Given material:
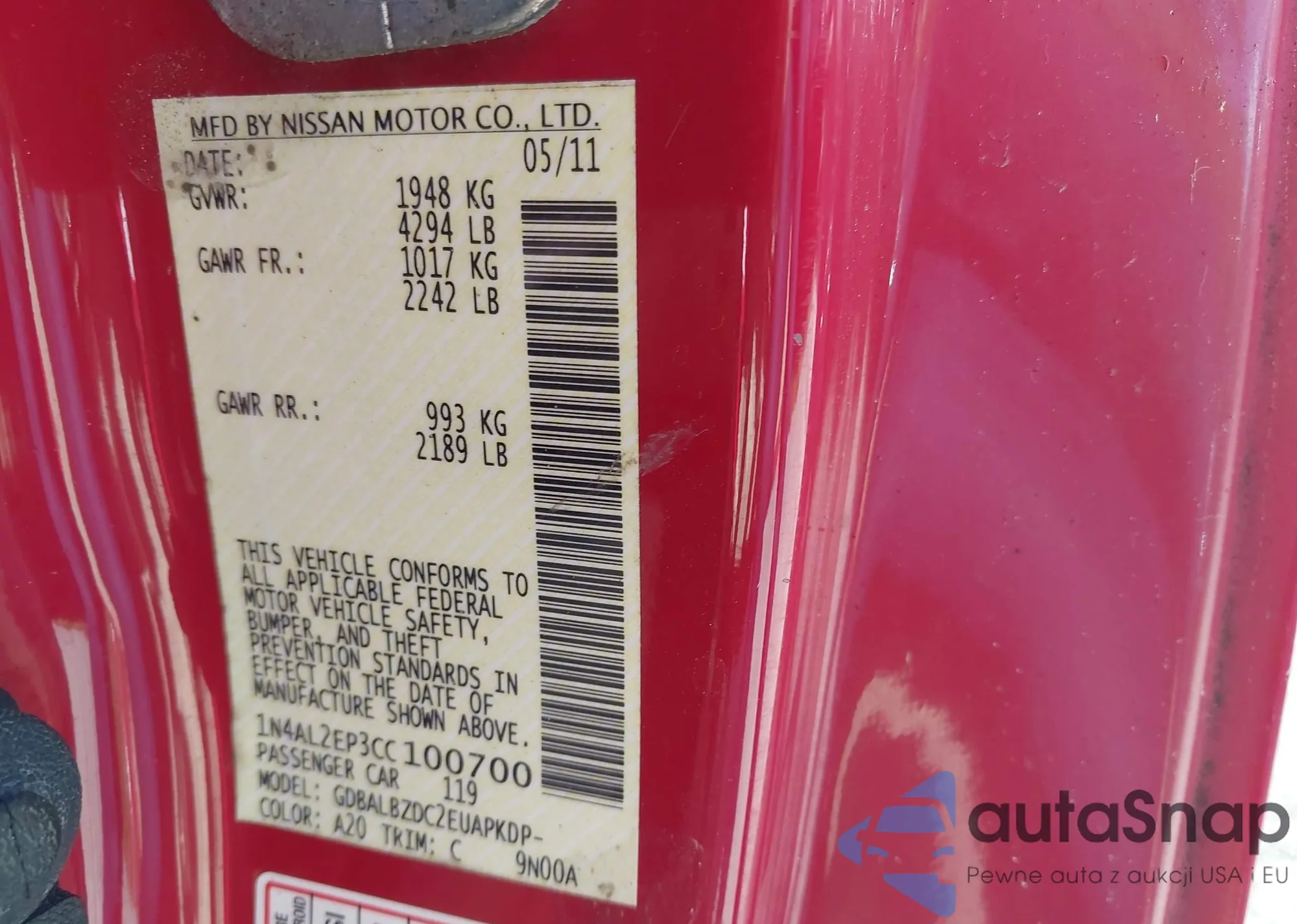 VIN: 1N4AL2EP3CC100700
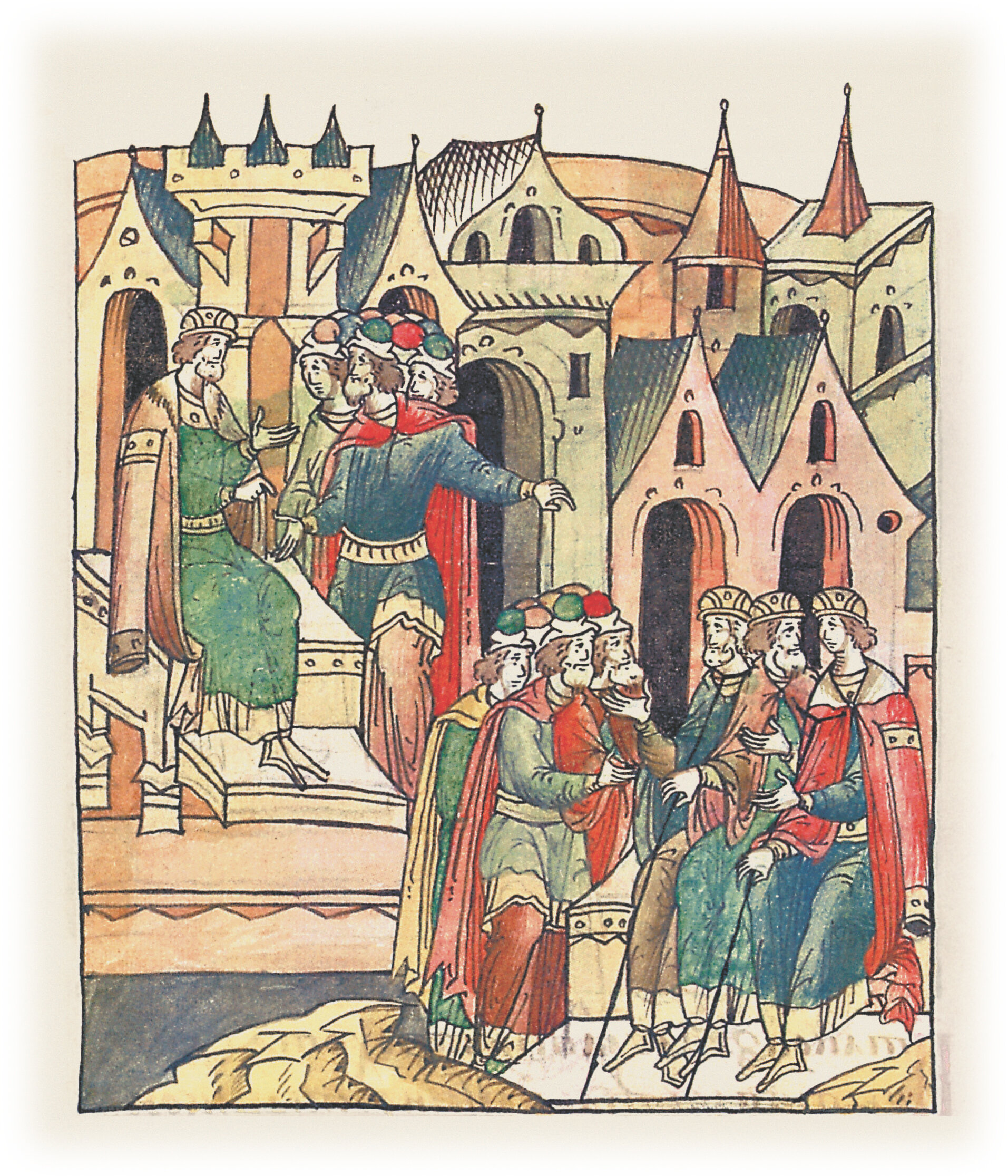 Ругодивские посадники Яким и Захар приезжают в Москву. Воеводы царя Ивана Васильевича Алексей Адашев и Иван Михайлов сообщают им, что государь пожалует их, если сдадут его воеводам помимо Ругодива Вышгород.
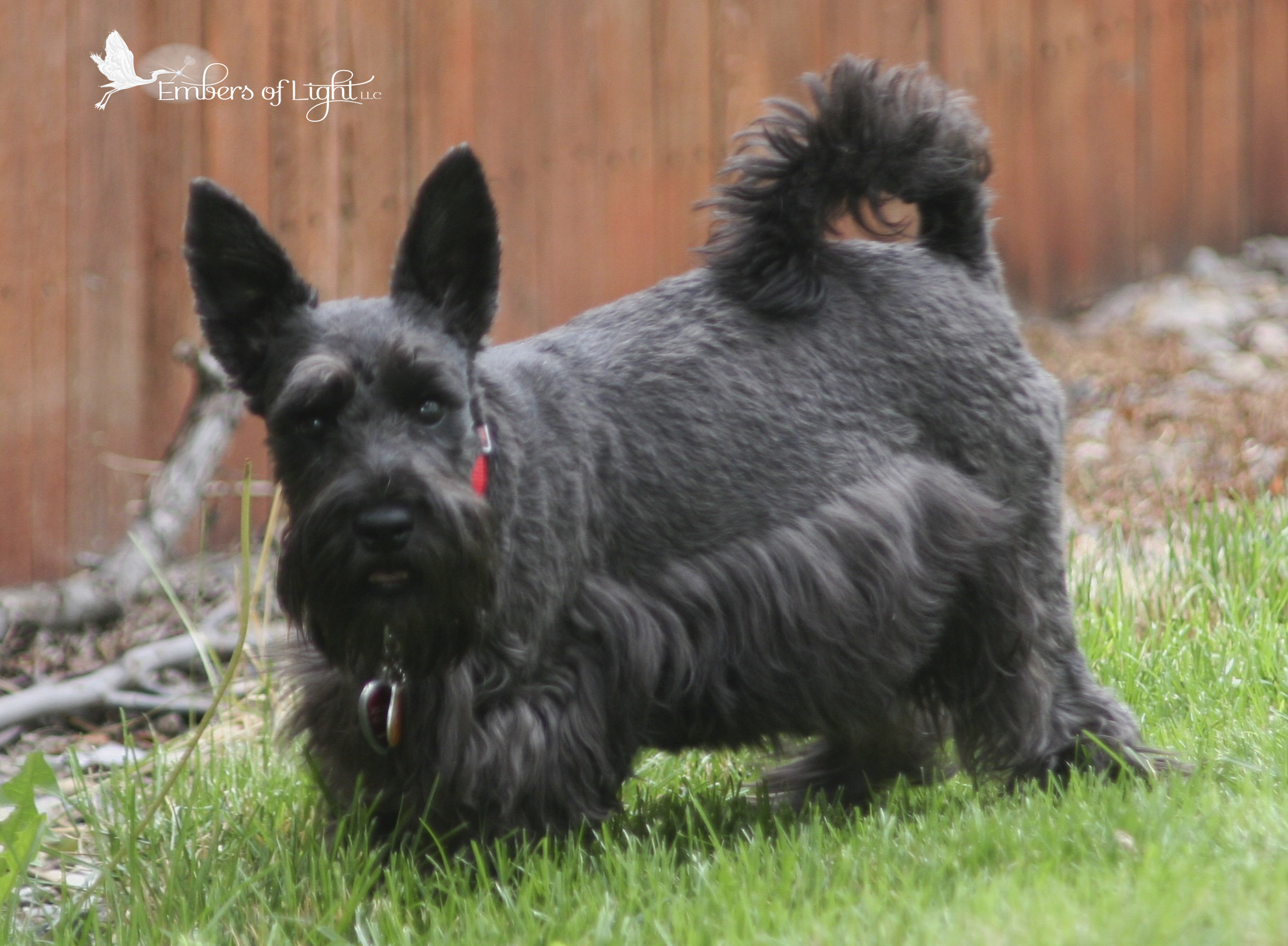 November 20, 2014 pregnant Garnet the schauffenpinscher Posted by KDKH pregnant black dog with a schnauzer haircut stands in the grass

What the exercise asks:
Write out the material above exactly, and omit the pictures it holds.

Your solution:
 VIN: 1N4AL2EP3CC100700
 Ругодивские посадники Яким и Захар приезжают в Москву. Воеводы царя Ивана Васильевича Алексей Адашев и Иван Михайлов сообщают им, что государь пожалует их, если сдадут его воеводам помимо Ругодива Вышгород.
 November 20, 2014 pregnant Garnet the schauffenpinscher Posted by KDKH pregnant black dog with a schnauzer haircut stands in the grass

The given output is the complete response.